*Task to carry out:*
Pictures in the data should be dropped; transcribe exactly the lines from the one that has "Des cadres militants" through the one that has "จากนั้นนำท่านเดินทางสู่ ตลาดข่านเอลคาลิลี (KHAN".

*Provided data:*
↓↓↓

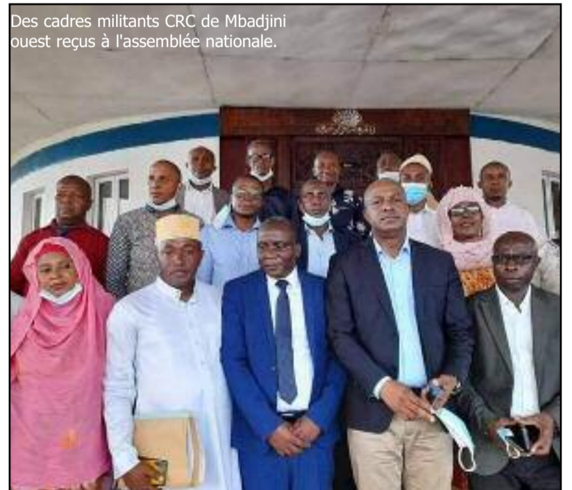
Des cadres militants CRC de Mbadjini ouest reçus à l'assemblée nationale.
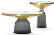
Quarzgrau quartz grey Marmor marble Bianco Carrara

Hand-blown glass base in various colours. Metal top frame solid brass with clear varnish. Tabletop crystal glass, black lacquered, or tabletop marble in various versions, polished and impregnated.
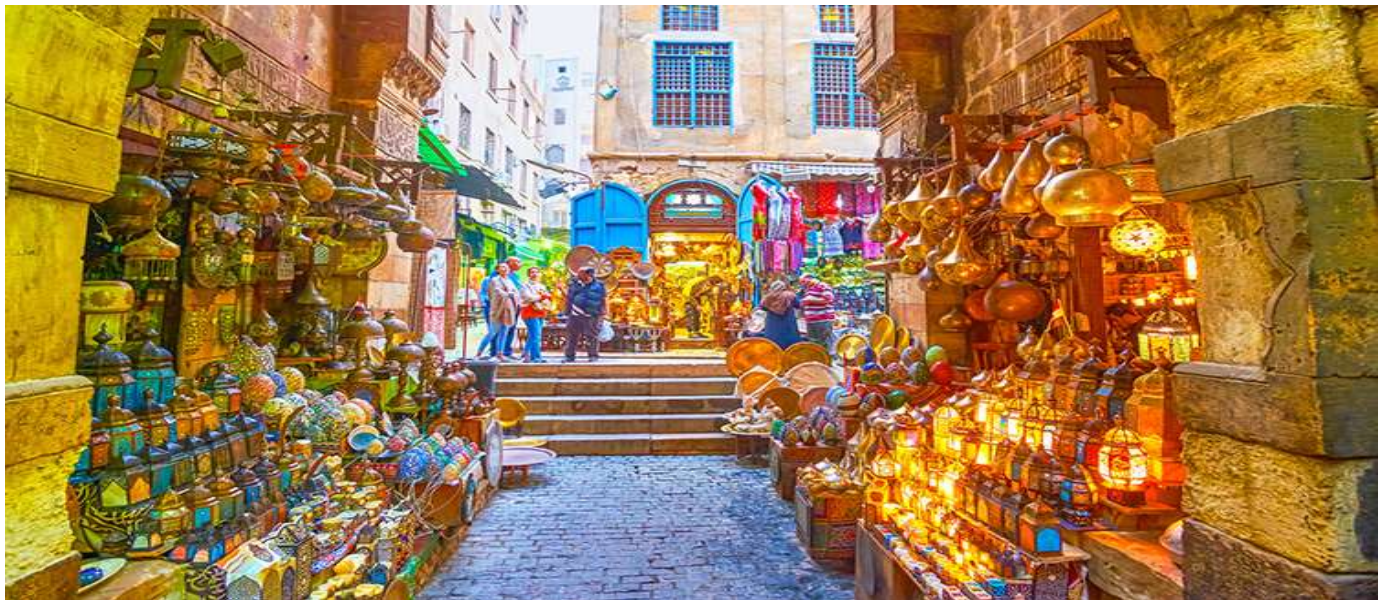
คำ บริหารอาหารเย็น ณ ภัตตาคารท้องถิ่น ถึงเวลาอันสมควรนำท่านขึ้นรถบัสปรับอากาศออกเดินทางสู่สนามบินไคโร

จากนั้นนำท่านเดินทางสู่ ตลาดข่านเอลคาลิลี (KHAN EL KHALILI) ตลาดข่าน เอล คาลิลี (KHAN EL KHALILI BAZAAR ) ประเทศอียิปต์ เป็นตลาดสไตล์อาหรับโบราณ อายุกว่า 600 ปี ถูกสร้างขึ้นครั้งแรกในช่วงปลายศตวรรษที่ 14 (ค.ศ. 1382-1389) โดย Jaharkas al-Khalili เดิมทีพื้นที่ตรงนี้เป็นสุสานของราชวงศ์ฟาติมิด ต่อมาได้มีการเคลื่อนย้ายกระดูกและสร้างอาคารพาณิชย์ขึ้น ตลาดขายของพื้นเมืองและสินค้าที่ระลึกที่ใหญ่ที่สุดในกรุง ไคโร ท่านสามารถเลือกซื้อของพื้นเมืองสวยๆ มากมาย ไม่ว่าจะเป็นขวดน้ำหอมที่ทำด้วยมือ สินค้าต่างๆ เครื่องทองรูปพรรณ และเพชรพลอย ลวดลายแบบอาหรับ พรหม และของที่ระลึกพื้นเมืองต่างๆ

↑↑↑
↓↓↓

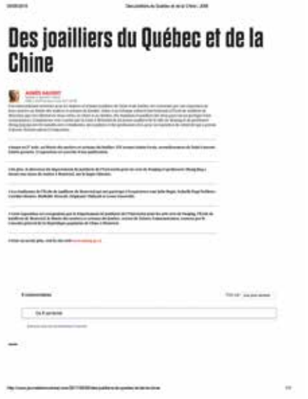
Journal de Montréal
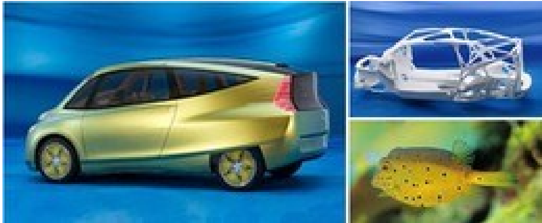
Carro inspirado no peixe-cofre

↑↑↑
↓↓↓

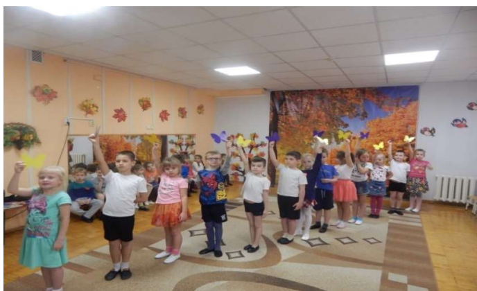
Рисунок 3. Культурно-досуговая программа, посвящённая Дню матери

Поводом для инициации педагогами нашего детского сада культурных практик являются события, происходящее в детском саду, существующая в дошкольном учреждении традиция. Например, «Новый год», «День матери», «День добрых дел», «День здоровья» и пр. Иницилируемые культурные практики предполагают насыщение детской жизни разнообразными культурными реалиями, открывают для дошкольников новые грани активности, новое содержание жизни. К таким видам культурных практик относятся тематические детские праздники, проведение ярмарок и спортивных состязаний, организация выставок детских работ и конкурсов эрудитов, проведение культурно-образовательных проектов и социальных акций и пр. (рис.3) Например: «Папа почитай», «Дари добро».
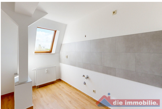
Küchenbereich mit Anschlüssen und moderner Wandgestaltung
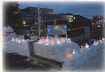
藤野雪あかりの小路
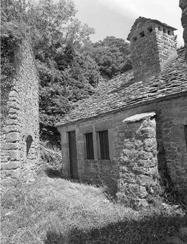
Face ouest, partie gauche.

↑↑↑

*The answer:*
Des cadres militants CRC de Mbadjini ouest reçus à l'assemblée nationale.
Quarzgrau quartz grey Marmor marble Bianco Carrara

Hand-blown glass base in various colours. Metal top frame solid brass with clear varnish. Tabletop crystal glass, black lacquered, or tabletop marble in various versions, polished and impregnated.
คำ บริหารอาหารเย็น ณ ภัตตาคารท้องถิ่น ถึงเวลาอันสมควรนำท่านขึ้นรถบัสปรับอากาศออกเดินทางสู่สนามบินไคโร

จากนั้นนำท่านเดินทางสู่ ตลาดข่านเอลคาลิลี (KHAN EL KHALILI) ตลาดข่าน เอล คาลิลี (KHAN EL KHALILI BAZAAR ) ประเทศอียิปต์ เป็นตลาดสไตล์อาหรับโบราณ อายุกว่า 600 ปี ถูกสร้างขึ้นครั้งแรกในช่วงปลายศตวรรษที่ 14 (ค.ศ. 1382-1389) โดย Jaharkas al-Khalili เดิมทีพื้นที่ตรงนี้เป็นสุสานของราชวงศ์ฟาติมิด ต่อมาได้มีการเคลื่อนย้ายกระดูกและสร้างอาคารพาณิชย์ขึ้น ตลาดขายของพื้นเมืองและสินค้าที่ระลึกที่ใหญ่ที่สุดในกรุง ไคโร ท่านสามารถเลือกซื้อของพื้นเมืองสวยๆ มากมาย ไม่ว่าจะเป็นขวดน้ำหอมที่ทำด้วยมือ สินค้าต่างๆ เครื่องทองรูปพรรณ และเพชรพลอย ลวดลายแบบอาหรับ พรหม และของที่ระลึกพื้นเมืองต่างๆ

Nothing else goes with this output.